Crashing on mobile is unacceptable, though - I'm no fool, I know that the majority of people will access websites for the first time on their phones and tablets, and not many will migrate to their PC. Even accounting for audience selection, how many people are really going to reopen the website on their computer after it crashes on their phone?

Anyway, I'm trying to get around this by experimenting with react-force-graph-2d, which solves all of the aforementioned problems:

  • it is very much open-source, through and through
  • customisation of node rendering is not just supported, it's encouraged (e.g. you have to set up textual rendering yourself)
  • its bundle size is significantly smaller, allowing the final bundle to easily compress to sub-200kB
  • it doesn't crash on iOS!

Nothing's straightforward in this life, though, and it brings its own set of problems:

  • it does not handle resizing of the graph well, which plays poorly with my sidebar
  • it mutates the rendered data in-place, which is extremely bad for the integrity of the data and for how React works
  • the performance is worse, especially during the warm-up phase where it's running the force simulation
  • getting the actual graph to look as good as the tuned Cosmograph I had - in terms of node spacing and legibility - has proven to be a challenge:

genresin.space with react-force-graph-2d

vs today's Cosmograph-based solution:

genresin.space with Cosmograph

Still, the experiment is ongoing, and I must admit I enjoy the curved connections. I'll try for a bit longer to get it working, and if I can't, I'll just stick with Cosmograph and figure out another workaround for iOS. Could always degrade the experience into encyclopedia mode and not show a graph at all...

secret project

I am still working on my secret project, even if progress has been slower than I would have liked. It requires more creative ability than my week-long hot streak of four-hours-of-sleep-per-night was providing, and I've been distracted by other endeavours, as the above shows. Regardless, it is still high up on my priority list, and I am making good progress, including building custom tooling to help me plan things out.

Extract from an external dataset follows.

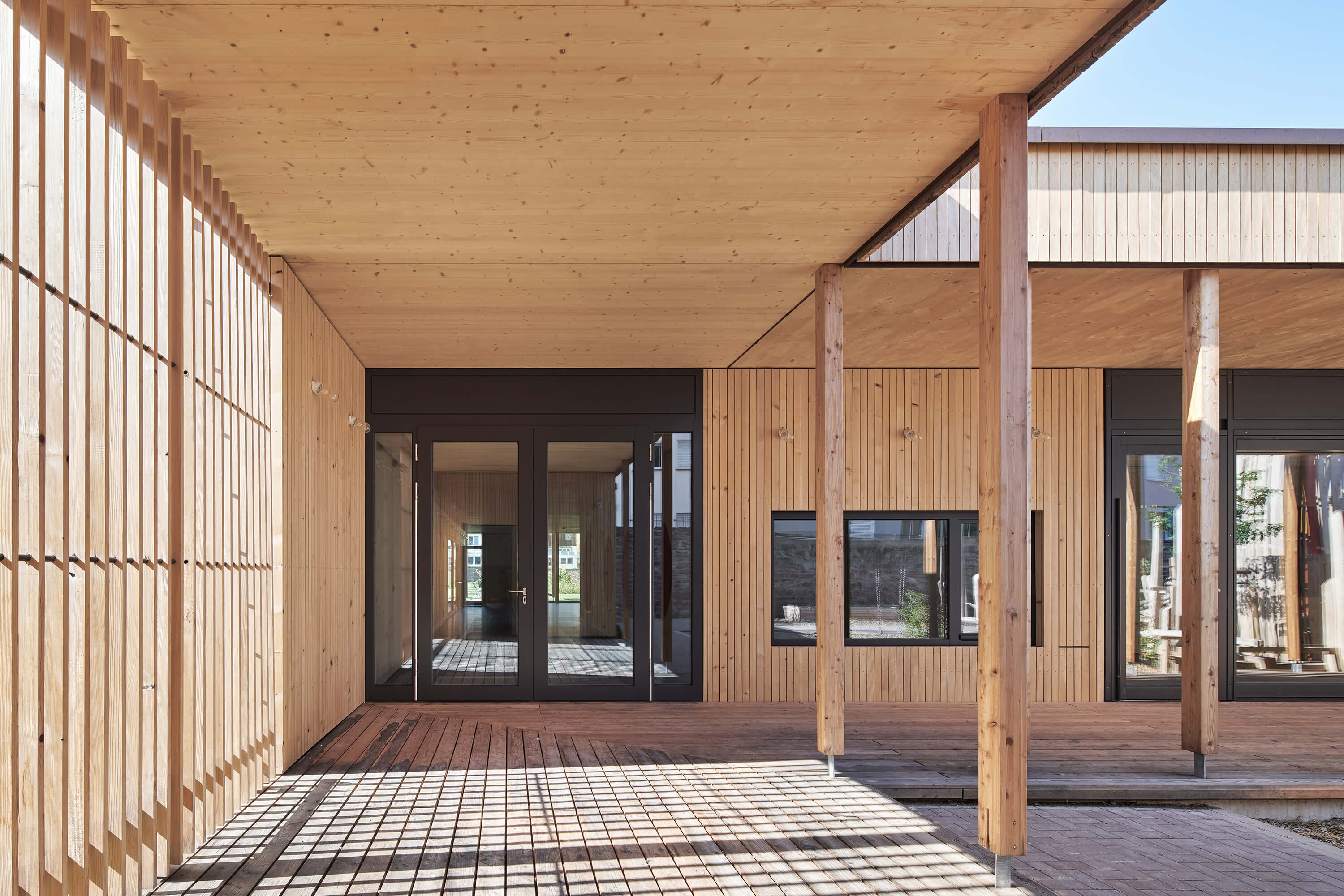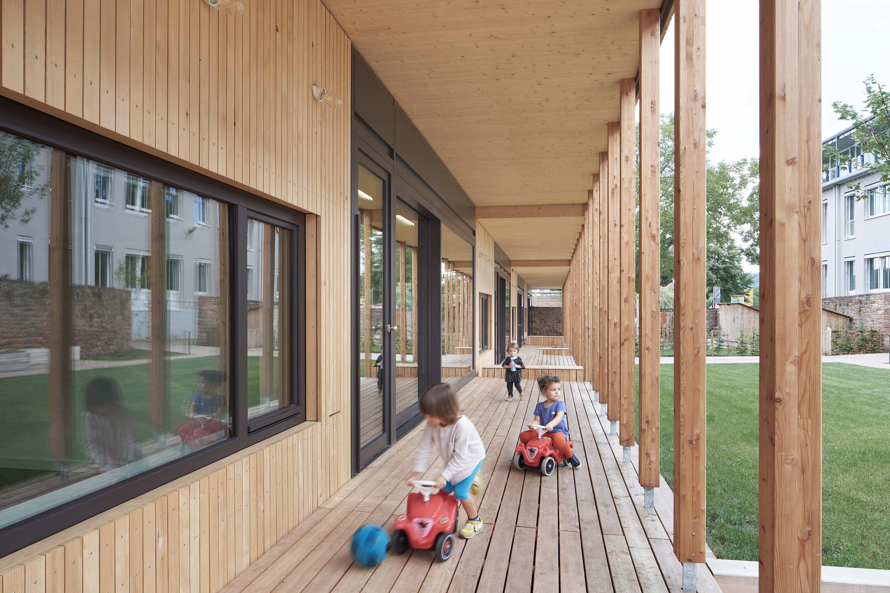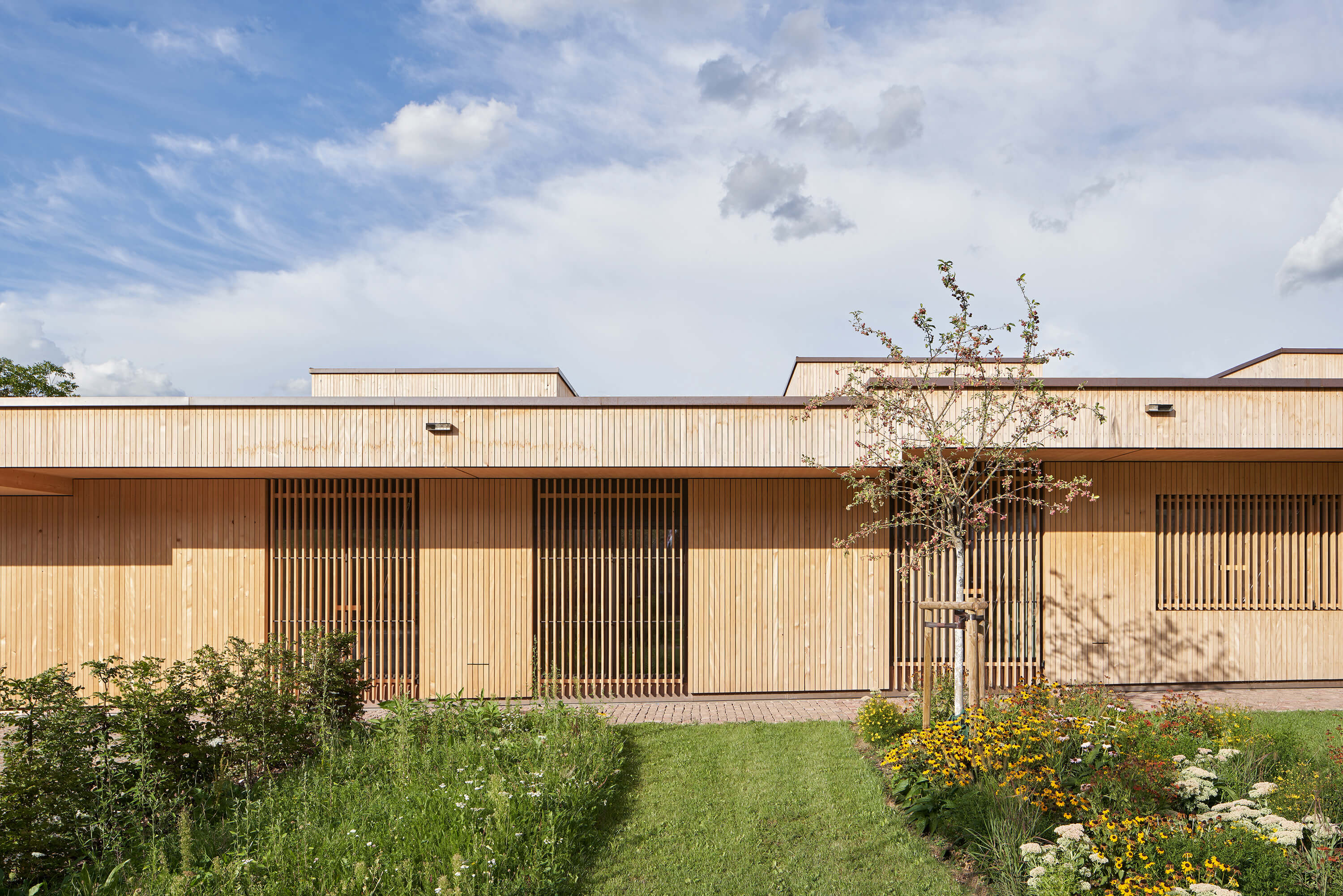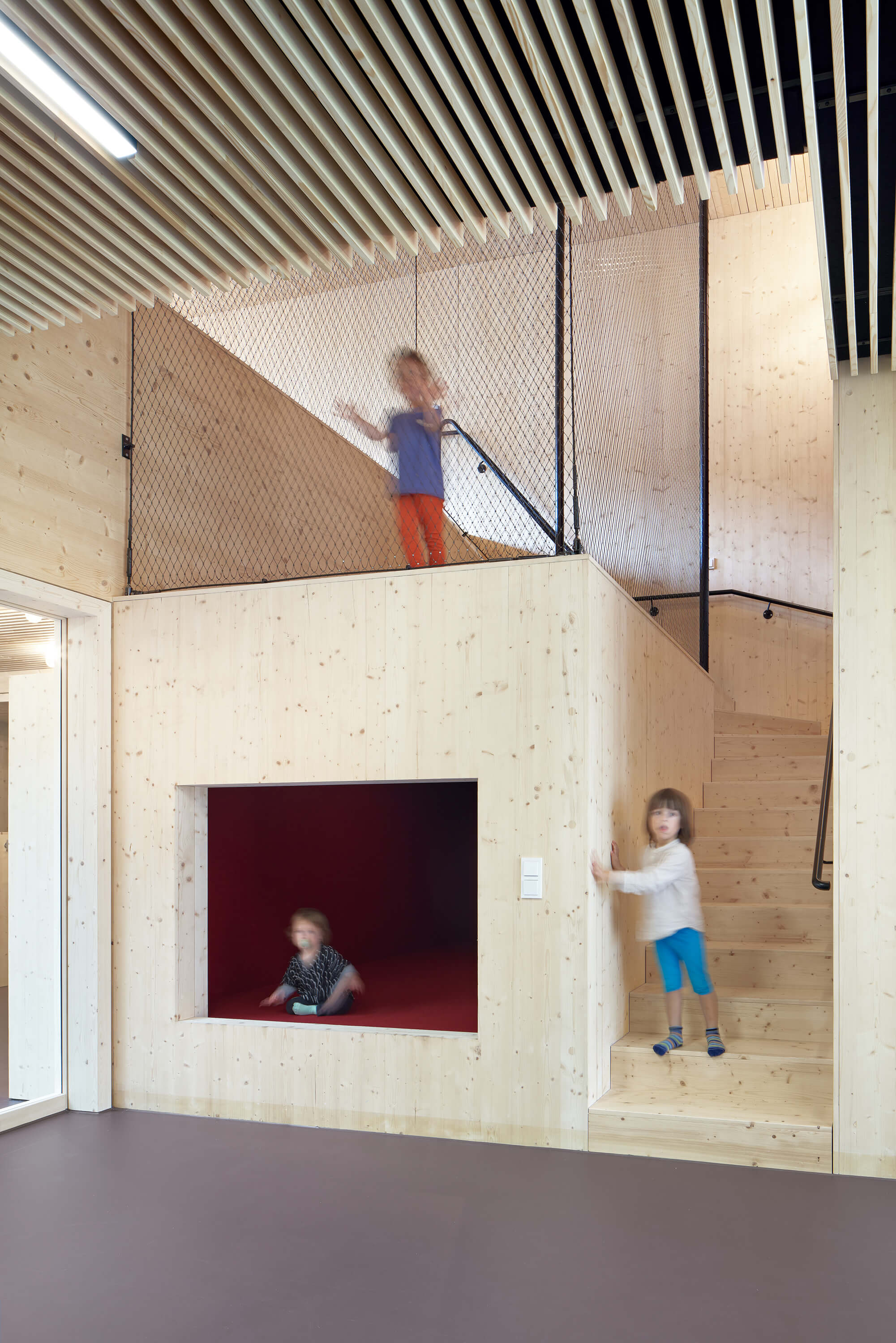 Der von mächtigen, roten Sandsteinmauern umfasste Klostergarten des ehemaligen Franziskanerklosters ist eine grüne Oase im historischen Stadtzentrum Miltenbergs. Ein Ort, der auf idealtypische Weise Zentralität und Geborgenheit in sich vereint. Gleichzeitig aber auch ein sensibler Ort mit großer Geschichte, dessen Bebauung mit einer Kindertagesstätte Behutsamkeit und Präzision erfordert. Der Neubau wurde als eingeschossiger Pavillon passgenau zwischen die Klostermauern eingespannt und teilt so den Garten in den Freispielbereich der Kita und einen öffentlich zugänglichen Freiraum, der im Sinne des ehemaligen Klostergartens gestaltet wird. Das Haus wurde als konstruktiver Holzbau mit sichtbar belassenen Oberflächen erstellt. Mit seiner sanft gestaffelten Terrassierung folgt es der Topografie des Geländes. Ihre haptischen und atmosphärischen Qualitäten machen die Kita zu einem Haus zum Anfassen. Jeder Gruppenraum verfügt über ein räumlich integriertes Kletterelement, das sich als Ausguck über die begrünte Dachfläche erhebt. Hier sind für die Kinder Rückzugsorte entstanden, die zum Träumen, Lesen, Beobachten oder Nachdenken inspirieren.

The next step is to build out the framework for the actual project, and start producing content for it proper. Let's hope next week's update can be more substantial in that regard: otherwise, I am going to have a serious problem, and it will probably be resolved through more self-flagellation-adjacent productivity hacking.

reflection

As far as weeks go, it wasn't the worst, but it also did not live up to the expectations I had. I did not get as much done as I was hoping for, due to a variety of factors:

  • the heat is a genuine impediment to clear thinking
  • I replaced my Discord fix with Bluesky refreshing. Probably need to phase that out too.
  • the lack of sleep led to cumulative cognitive addling, which I was really beginning to feel after day 3 or 4
  • my focus was still split between projects, and while that works well with how I work and how my interests shift, it's not great for unbroken streaks of work

For the following week, I'll see what I can do to manage these factors; my current thinking involves finding an air-conditioned cafe, taking a laptop there, and null-routing any source of distractions. The problem, of course, is that I know how to overcome the obstacles I put in front of myself, and I fear that I would circumvent any such restrictions the second I had to wait for something with no sufficiently-productive task queued up.

With that being said, however, I actually did very well at avoiding Discord: the friction of having to start the app on desktop, and having to log back into mobile, was sufficient-enough disincentive to snap out of muscle memory and shut the app down before it could weave its tendrils through my poorly-defended membrane.

Upwards and onwards; this candle still has plenty to burn.